··· Data records ···
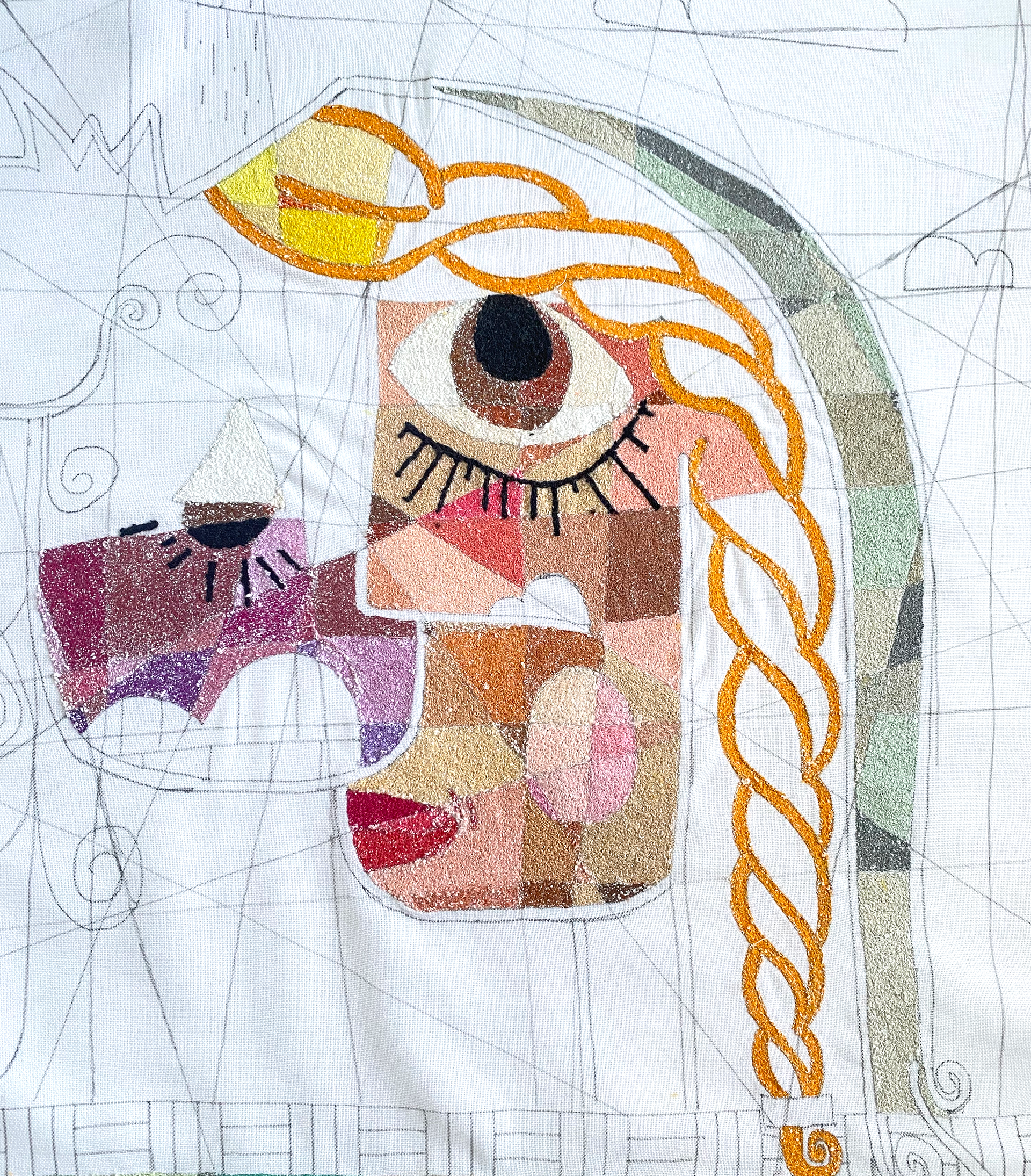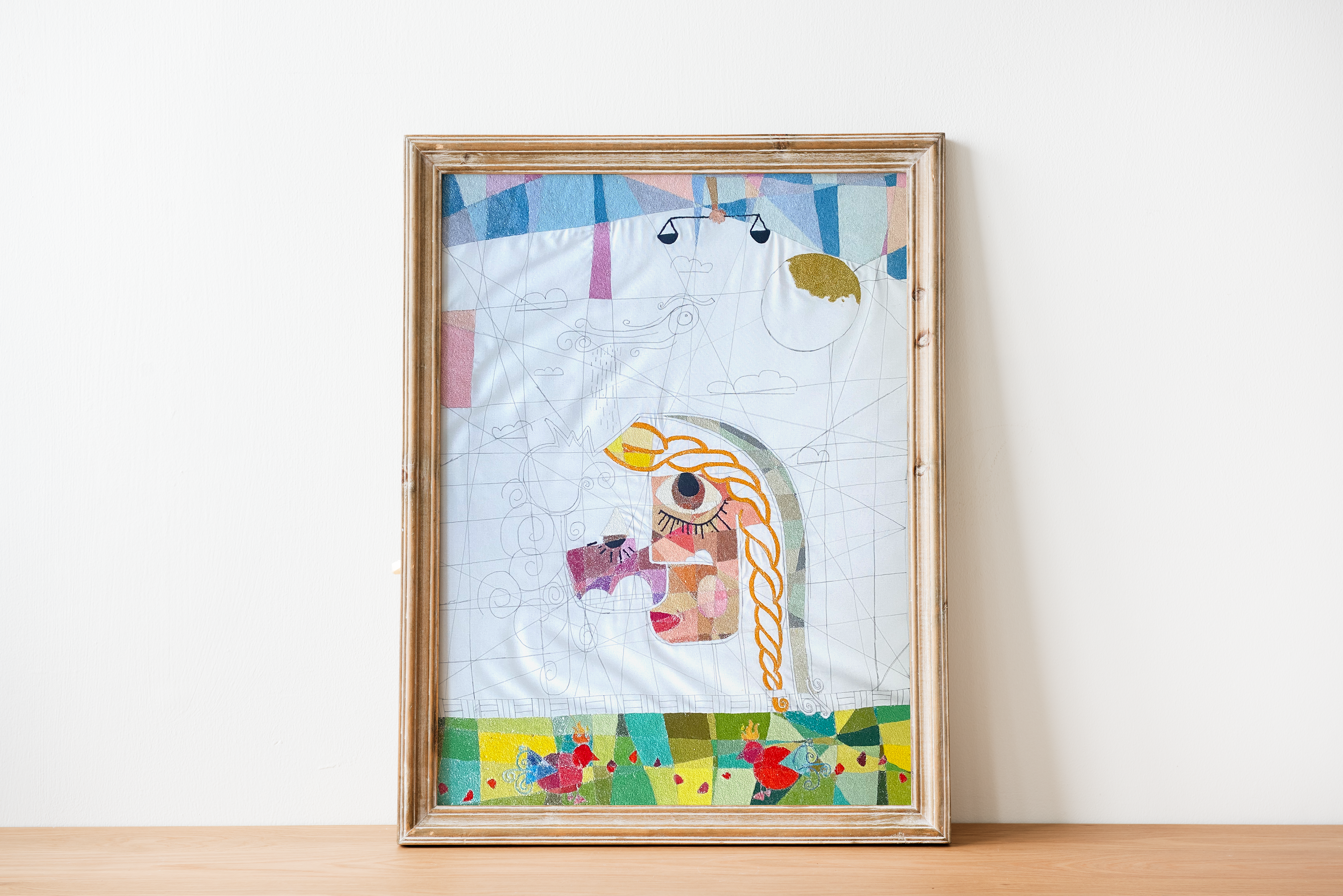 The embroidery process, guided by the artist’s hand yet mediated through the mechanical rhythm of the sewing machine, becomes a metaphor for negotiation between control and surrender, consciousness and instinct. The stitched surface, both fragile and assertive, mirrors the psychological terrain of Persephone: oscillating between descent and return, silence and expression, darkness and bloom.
···
··· Data records ···
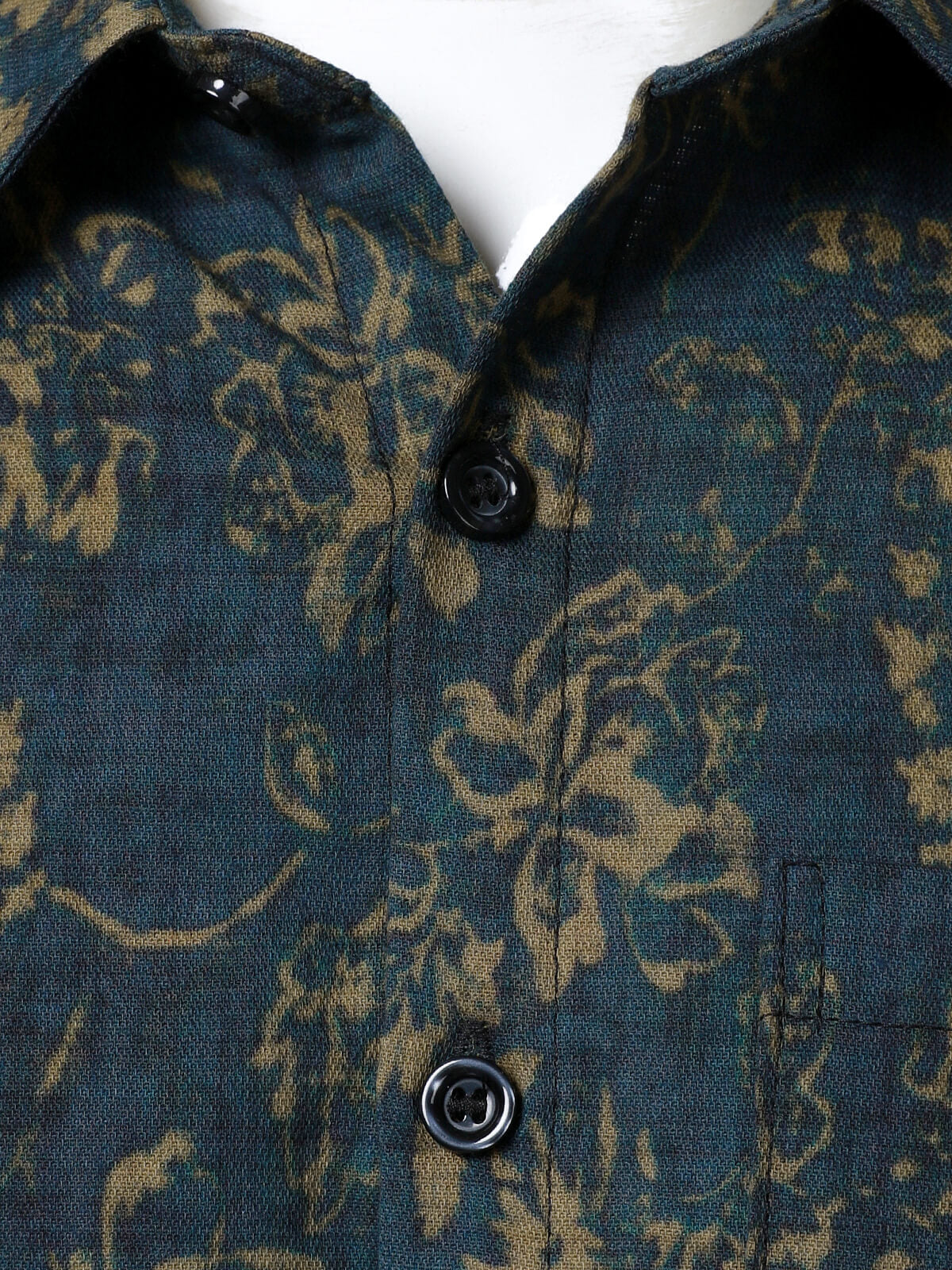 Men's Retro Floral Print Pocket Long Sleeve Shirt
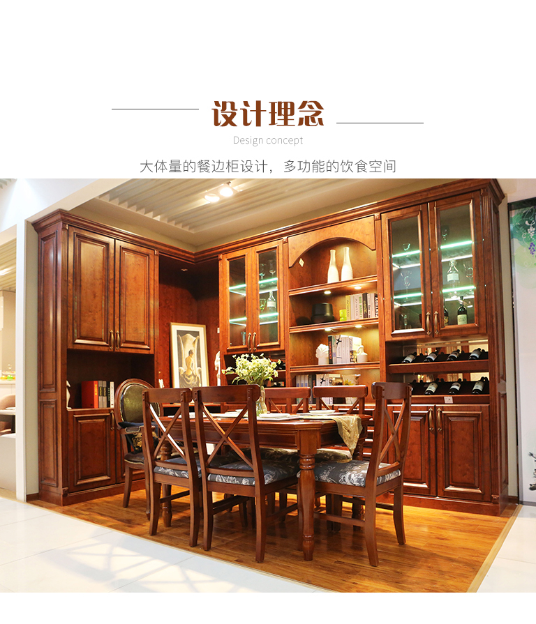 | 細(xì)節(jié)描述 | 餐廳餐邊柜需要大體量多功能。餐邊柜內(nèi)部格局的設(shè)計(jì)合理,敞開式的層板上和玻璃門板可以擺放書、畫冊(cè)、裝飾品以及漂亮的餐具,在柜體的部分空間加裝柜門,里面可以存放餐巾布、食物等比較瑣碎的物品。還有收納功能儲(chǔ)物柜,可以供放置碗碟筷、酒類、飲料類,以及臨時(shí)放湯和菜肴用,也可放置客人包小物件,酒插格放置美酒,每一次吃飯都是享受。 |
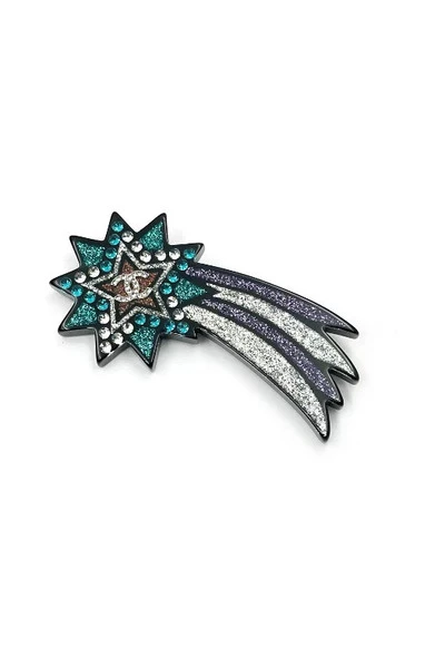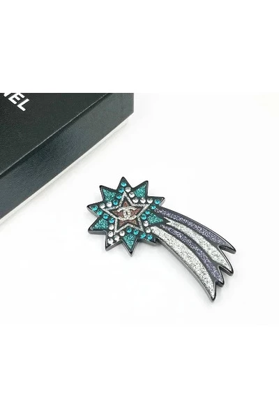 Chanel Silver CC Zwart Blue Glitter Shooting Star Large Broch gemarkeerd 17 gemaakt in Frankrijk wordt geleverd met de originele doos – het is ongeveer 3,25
···
Exercise requirements. Transcribe exactly the lines above, beginning at the one with "Men's Retro Floral" and going up to and including the one with "Chanel Silver CC". Pictures do not belong in the copy.

Written response.
 Men's Retro Floral Print Pocket Long Sleeve Shirt
 | 細(xì)節(jié)描述 | 餐廳餐邊柜需要大體量多功能。餐邊柜內(nèi)部格局的設(shè)計(jì)合理,敞開式的層板上和玻璃門板可以擺放書、畫冊(cè)、裝飾品以及漂亮的餐具,在柜體的部分空間加裝柜門,里面可以存放餐巾布、食物等比較瑣碎的物品。還有收納功能儲(chǔ)物柜,可以供放置碗碟筷、酒類、飲料類,以及臨時(shí)放湯和菜肴用,也可放置客人包小物件,酒插格放置美酒,每一次吃飯都是享受。 |
 Chanel Silver CC Zwart Blue Glitter Shooting Star Large Broch gemarkeerd 17 gemaakt in Frankrijk wordt geleverd met de originele doos – het is ongeveer 3,25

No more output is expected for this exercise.